Manchester Cancer Research Centre, Division of Cancer Sciences, School of Medical Sciences, Faculty of Biology, Medicine and Health, University of Manchester, Manchester Academic Health Science Centre, UK; University of Manchester, Manchester Academic Health Science Centre, The Christie NHS Foundation Trust, UK.
University of Manchester, Manchester Academic Health Science Centre, The Christie NHS Foundation Trust, UK.
Radiother Oncol. 2020 Nov;152:177-182. doi: 10.1016/j.radonc.2020.04.008. Epub 2020 Apr 14.
A recent study of NSCLC patients showed small residual setup errors (shifts) in the direction of the heart following image-guidance were significantly related to overall survival. This study of the dosimetric effects of these residual shifts investigates the hypothesis that observed survival differences were related to a change in heart dose.
Accumulated doses including shifts for each fraction were determined for 475 NSCLC patients. Planning CTs and corresponding dose distributions were deformed to a reference. Image-based data-mining techniques were then applied to the difference between the planned and accumulated dose (Δdose) to determine where Δdose relates to 1-year survival. The significance of Δdose in the identified region was assessed using multivariable Cox analysis. The cohort was then split into octiles, based upon planned dose to the region, and multivariable Cox analysis performed for each sub-cohort to explore the dose response relationship. The identified dose threshold for damage was then tested in an independent validation cohort of 1482 NSCLC patients from the same institution.

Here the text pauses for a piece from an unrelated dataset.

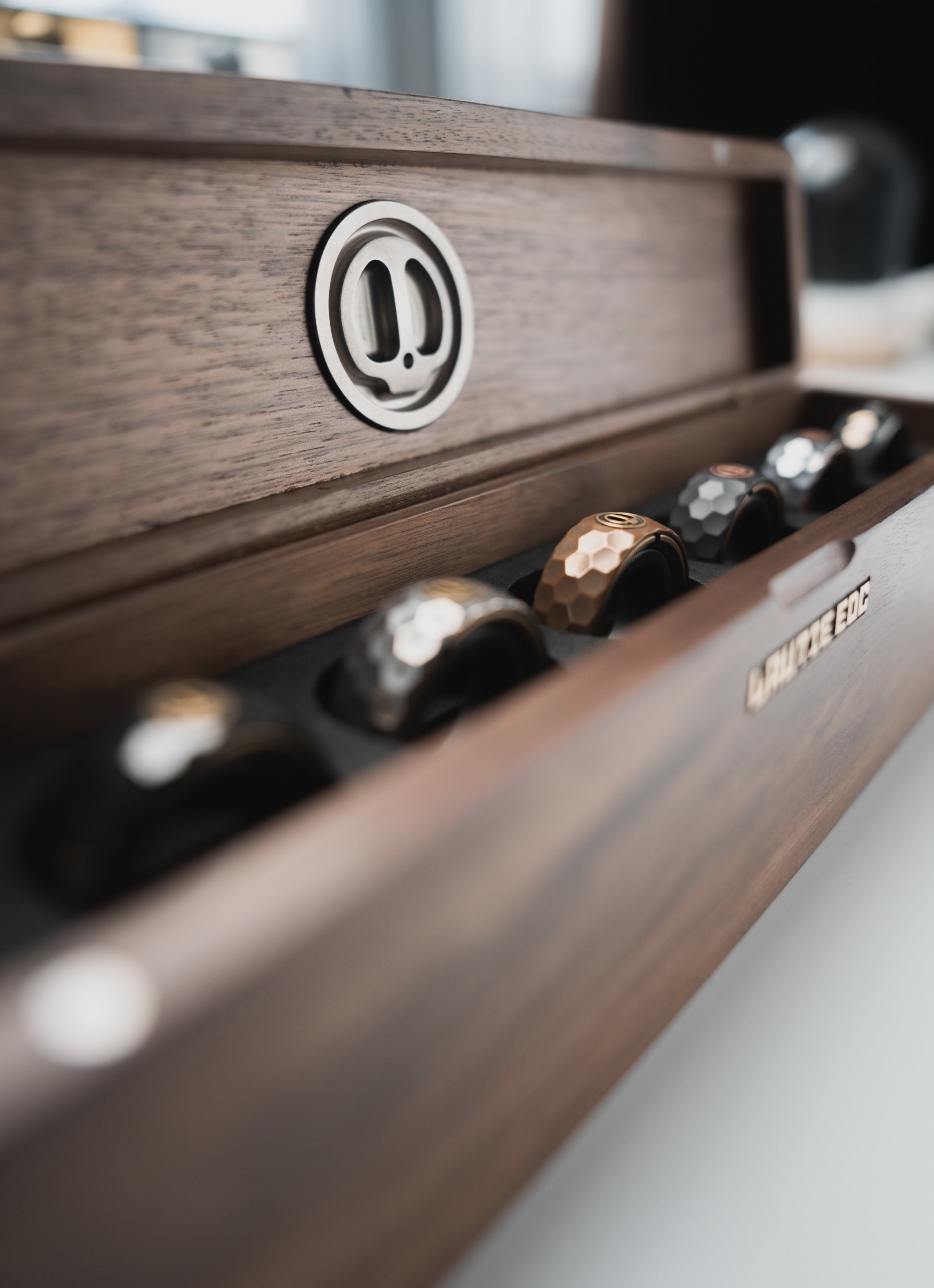 Thorns Zircuti is limited to 200 sets worldwide. Each set includes a zircuti ring spinner and a wooden collection box. The wooden box has 7 slots. You can put in 7 Lautie Mechanic rings. It is also compatible with ACEDC mechanical rings. The 7-hole wooden box is specifically provided for this zircuti version, so it is also limited to 200 pieces and only sold together with zircuti ring.

Permutation testing identified a small region in the heart base where Δdose significantly correlated with 1-year survival. Δdose in this region showed no correlation with common clinical variables, and was significant in multivariable Cox regression (p < 0.001, hazard ratio 1.221/Gy), with increasing change in dose from plan resulting in greater risk of death. Octile analysis revealed Δdose to be significant only in the 7th octile, planning dose 16.2-23.4 Gy, suggesting a steep dose-effect relation for heart damage in this range. Taking 16.2 Gy as a conservative threshold dose, this result was successfully validated, with a significant difference being seen between patients with a region dose above or below 16.2 Gy.

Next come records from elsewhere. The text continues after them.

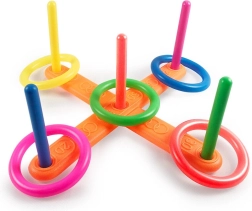Забавна и цветна игра хвърляне на рингове към мишена за деца и възрастни у дома и навън. Развива координация око–ръка, фината моторика и концентрацията. Безопасната пластмаса отговаря на стандартите CE и EN71. Лесен монтаж, лека и издръжлива конструкция, подходящо от 3 години.
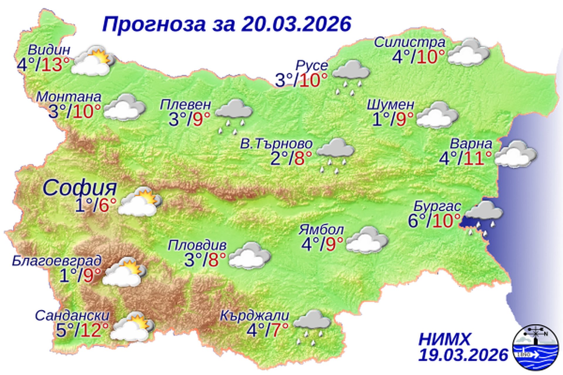 По Черноморието ще бъде облачно. Главно по южното крайбрежие ще има слаби валежи от дъжд. Ще духа умерен до силен вятър от север-североизток. Максималните температури ще бъдат между 8° и 11°. Температурата на морската вода е 7°-8°. Вълнението на морето ще бъде 3-4 бала.
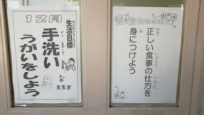 今月の生活目標と給食もめあてを紹介します。この時期だけに水は冷たいのですが、しっかり石けんでの手洗いの指導を進めたいと思います。
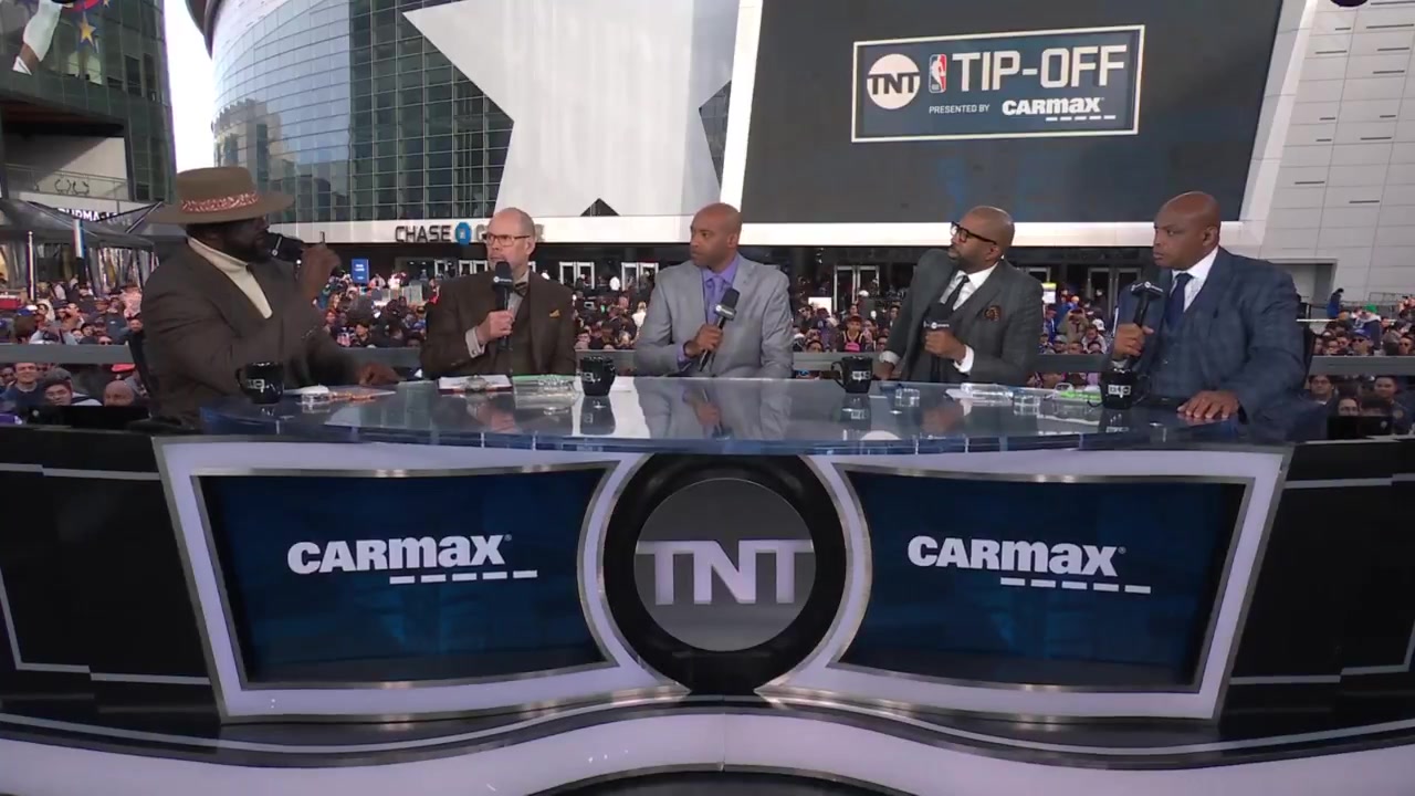 02月16日讯 NBA全明星扣篮大赛稍后上演,名宿卡特加入TNT直播间与奥尼尔等人互动。

This study suggests the relation between residual set-up errors and survival is explained by changes in cardiac dose, and identifies an area at the heart base where dose is correlated with survival. Our results suggest the dose threshold for cardiac damage is between 16.2 and 23.4 Gy in the base of the heart, which was validated in an independent cohort. However, the dose effect in other regions of the heart should also be investigated.

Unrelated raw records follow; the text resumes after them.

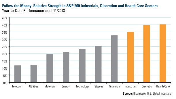 All opinions expressed and data provided are subject to change without notice. Some of these opinions may not be appropriate to every investor. The S&P 500 Index is a widely recognized capitalization-weighted index of 500 common stock prices in U.S. companies. The Purchasing Manager’s Index is an indicator of the economic health of the manufacturing sector. The PMI index is based on five major indicators: new orders, inventory levels, production, supplier deliveries and the employment environment. Standard deviation is a measure of the dispersion of a set of data from its mean. The more spread apart the data, the higher the deviation. Standard deviation is also known as historical volatility. The following securities mentioned were held by one or more of U.S. Global Investors Funds as of 9/30/13: General Electric, Amazon.com, Celgene.
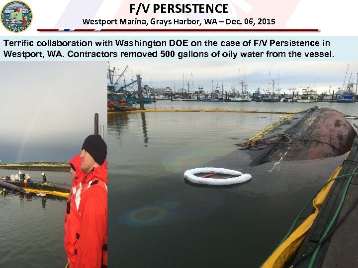 F/V PERSISTENCE Westport Marina, Grays Harbor, WA – Dec. 06, 2015 Terrific collaboration with Washington DOE on the case of F/V Persistence in Westport, WA. Contractors removed 500 gallons of oily water from the vessel.
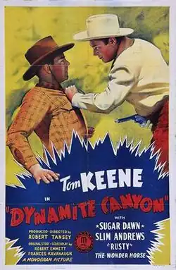 Dynamite Canyon is a 1941 American Western film directed by Robert Emmett Tansey and written by Robert Emmett Tansey and Frances Kavanaugh. The film stars Tom Keene, Sugar Dawn, Slim Andrews, Evelyn Finley, Stanley Price and Kenne Duncan. The film was released on August 8, 1941, by Monogram Pictures.[1][2][3]
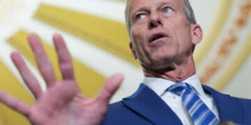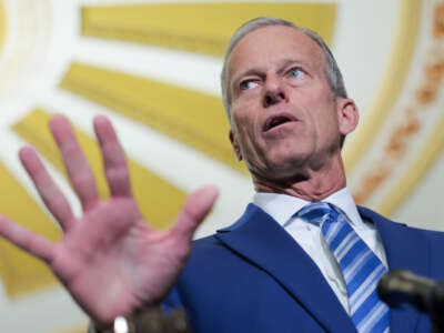 El líder de la mayoría del Senado, John Thune, habla con los periodistas después del almuerzo de política republicana semanal en el edificio del Capitolio de los Estados Unidos el 10 de junio de 2025 en Washington, DC
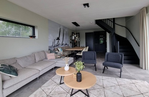 This luxury villa with its own jetty in the Frisian town of Balk is very suitable for holidays with the family. From the villa you have a direct connection to the Frisian Slotermeer. The water villa has a spacious living room with a comfortable seating area, a smart TV and a spacious dining table. The furnishings are very modern. The villa has a downstairs bedroom with an ensuite bathroom. Upstairs there are 3 bedrooms, 1 with an ensuite bathroom and a separate bathroom. So a lot of luxury and privacy. Balk, located in the Frisian Lake District, is characterized by its historic center located on the Luts River, part of the Eleven Cities Route. You can shop extensively along the canal or sit at one of the cozy terraces. The unique villages along the Elfstedentocht route are also definitely worth a visit. The open kitchen is part of the living room and is equipped with luxury appliances. Through the French doors in the living room you can easily reach the garden with a lovely terrace on the water.
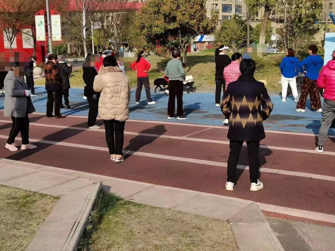 公共場所躺臥 在某城市公園,晨練的群眾占用人行道,對旁邊“文明游園須知”的警示牌視而不見。
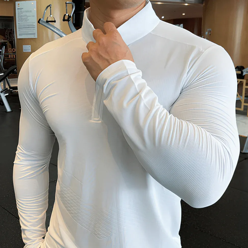 Het FITNESS ZIP shirt is ontworpen voor de actieve man die stijl en functionaliteit zoekt. Dit shirt met rits biedt optimale bewegingsvrijheid en ademend vermogen, ideaal voor intensieve fitnesssessies of dagelijkse activiteiten.
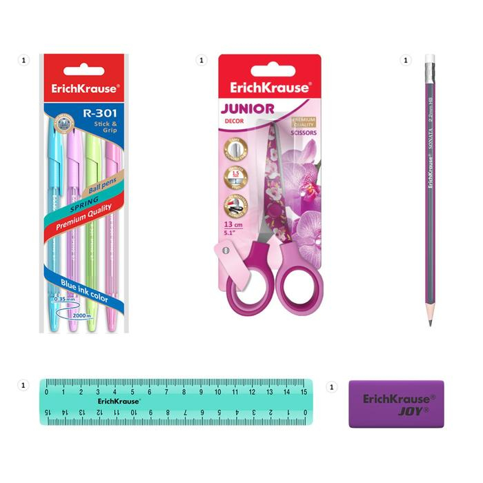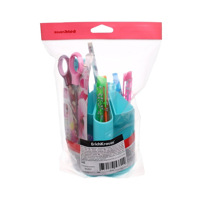 Готовый набор с наполнением. Подставка оснащена вращающимся механизмом и изготовлена из высококачественного пластика. В комплекте 8 предметов: 4 ручки, карандаш, линейка, ластик, ножницы.
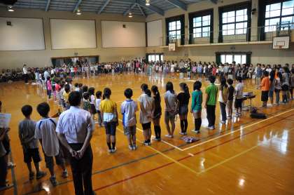今日6月12日(日)は,平成23年度の「日曜参観」を開催しています。2時間目は全校児童が体育館に集まり「人権集会」を行いました。
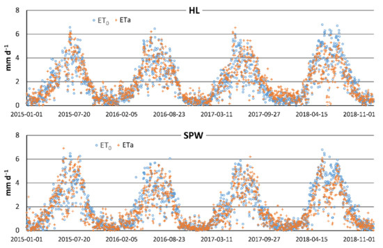 The annual sums of the ET0 values and also the sums from April to September are significantly higher at both sites in 2018 than in the other years (Table 3). The sum ETa values (Table 3) fall short of the ET0 values in the dry year 2018, as the plant stand has an insufficient water supply. This is due to the low water table depths (Figure 3). The annual sum of ETa in the wet year 2017 differs only slightly from the sum of the dry year 2018 (+6 mm in HL, −7 mm in SPW), although there are large differences in ET0 (−172 mm in HL, −138 mm in SPW). The shallow unsaturated soil zone dries out strongly in 2018; the roots of the plants no longer reach the capillary fringe. As a result, ETa is reduced, which is untypical for wet grassland sites with shallow water table conditions. In the case of the HL values, the station failures in some years must be taken into account (Table 3). Some days are, thus, missing for the ET0 (15 days in 2015, 11 days in 2016) and ETa (34 days in 2015, 13 days in 2016, 26 days in 2017, and 9 days in 2018).
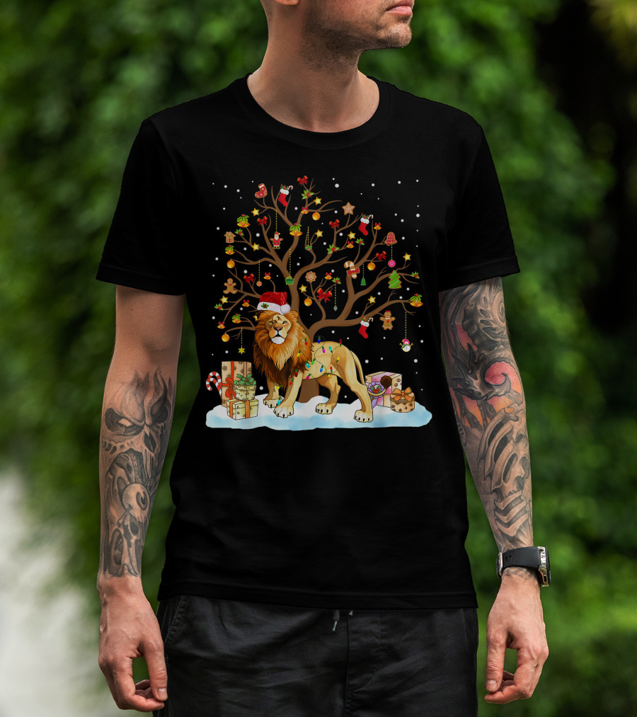 Lion With Christmas Tree Ornaments And Gifts T-Shirt
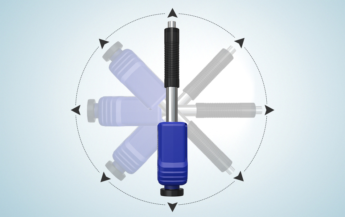 Thiết bị có thể đo ở mọi góc độ, với cảm biến định hướng tích hợp trong đầu dò giúp tự động bù đắp lỗi đo lường khi tác động từ các hướng khác nhau, cho phép đo đa góc dễ dàng. - Khả năng đo nhiều loại vật liệu kim loại

最近一项针对非小细胞肺癌(NSCLC)患者的研究表明,在图像引导下,心脏方向的微小残余摆位误差(移位)与总生存显著相关。本研究调查了这些残余移位的剂量学效应,假设观察到的生存差异与心脏剂量的变化有关。
为 475 例 NSCLC 患者确定了每个分次的累积剂量,包括移位。将计划 CT 及其相应的剂量分布变形至参考值。然后,应用基于图像的数据挖掘技术来确定计划剂量与累积剂量(Δ剂量)之间的差异,以确定 Δ剂量与 1 年生存率的关系。采用多变量 Cox 分析评估所确定区域中 Δ剂量的显著性。然后,根据该区域的计划剂量将队列分为 8 个等分位数,并对每个子队列进行多变量 Cox 分析,以探讨剂量反应关系。然后,在来自同一机构的 1482 例 NSCLC 患者的独立验证队列中测试所确定的损伤剂量阈值。
随机检验确定了心脏基底的一个小区域,其中 Δ剂量与 1 年生存率显著相关。该区域的 Δ剂量与常见临床变量无关,在多变量 Cox 回归中具有统计学意义(p<0.001,风险比 1.221/Gy),随着计划剂量的增加,死亡风险增加。八进制分析显示,仅在第 7 个八进制,即计划剂量 16.2-23.4 Gy 时,Δ剂量具有统计学意义,提示在此范围内心脏损伤存在陡峭的剂量效应关系。将 16.2 Gy 作为保守的剂量阈值,该结果得到了成功验证,剂量高于或低于 16.2 Gy 的患者之间存在显著差异。
本研究表明,残余摆位误差与生存之间的关系可通过心脏剂量的变化来解释,并确定了心脏基底与生存相关的剂量区域。我们的结果表明,心脏损伤的剂量阈值在心脏基底的 16.2 至 23.4 Gy 之间,在独立队列中得到了验证。然而,还应研究心脏其他区域的剂量效应。